━━━ Exercise data

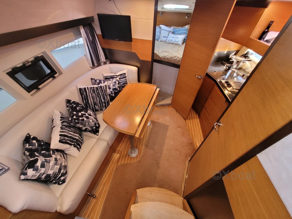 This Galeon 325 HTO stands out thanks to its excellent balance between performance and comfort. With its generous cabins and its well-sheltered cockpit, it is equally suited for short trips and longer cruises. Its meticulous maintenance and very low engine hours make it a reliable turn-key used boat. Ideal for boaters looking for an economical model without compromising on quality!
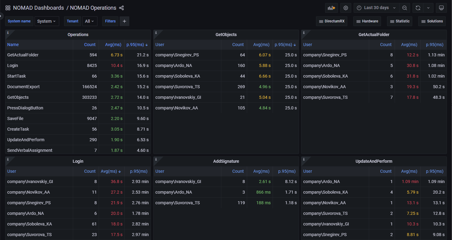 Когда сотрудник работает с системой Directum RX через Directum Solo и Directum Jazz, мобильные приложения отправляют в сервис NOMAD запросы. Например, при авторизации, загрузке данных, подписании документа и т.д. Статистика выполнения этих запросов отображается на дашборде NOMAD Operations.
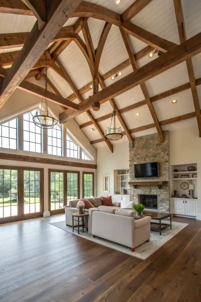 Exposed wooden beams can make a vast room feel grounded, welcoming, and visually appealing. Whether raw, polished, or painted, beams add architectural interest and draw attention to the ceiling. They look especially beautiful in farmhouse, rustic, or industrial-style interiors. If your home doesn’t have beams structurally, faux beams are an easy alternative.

━━━━━━
━━━ Exercise data

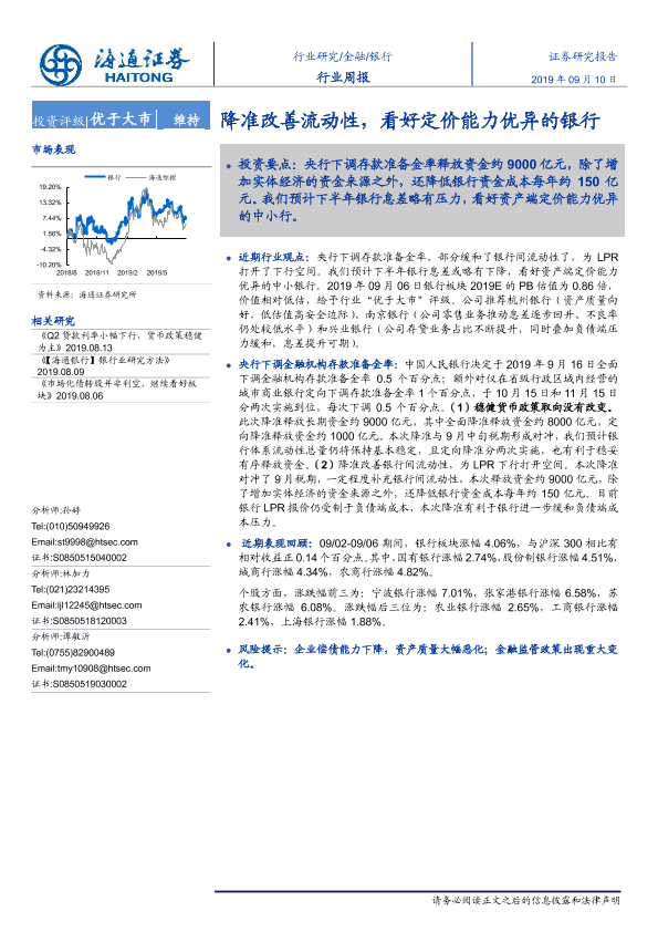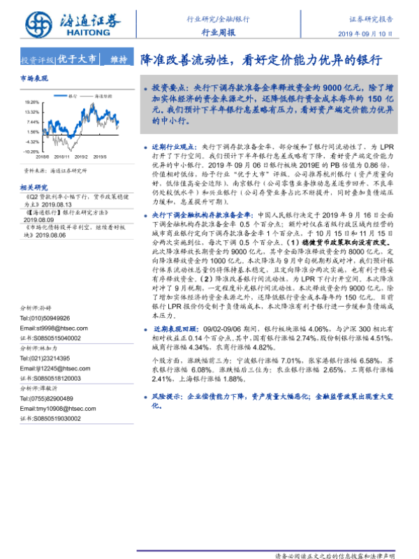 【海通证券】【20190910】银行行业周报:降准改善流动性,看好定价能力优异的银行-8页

━━━━━━

### Exercise
In the entries above, find the line with "This Galeon 325" and the line with "Exposed wooden beams". Write out exactly those two lines and every line between them, pictures excluded.

### Finished exercise
 This Galeon 325 HTO stands out thanks to its excellent balance between performance and comfort. With its generous cabins and its well-sheltered cockpit, it is equally suited for short trips and longer cruises. Its meticulous maintenance and very low engine hours make it a reliable turn-key used boat. Ideal for boaters looking for an economical model without compromising on quality!
 Когда сотрудник работает с системой Directum RX через Directum Solo и Directum Jazz, мобильные приложения отправляют в сервис NOMAD запросы. Например, при авторизации, загрузке данных, подписании документа и т.д. Статистика выполнения этих запросов отображается на дашборде NOMAD Operations.
 Exposed wooden beams can make a vast room feel grounded, welcoming, and visually appealing. Whether raw, polished, or painted, beams add architectural interest and draw attention to the ceiling. They look especially beautiful in farmhouse, rustic, or industrial-style interiors. If your home doesn’t have beams structurally, faux beams are an easy alternative.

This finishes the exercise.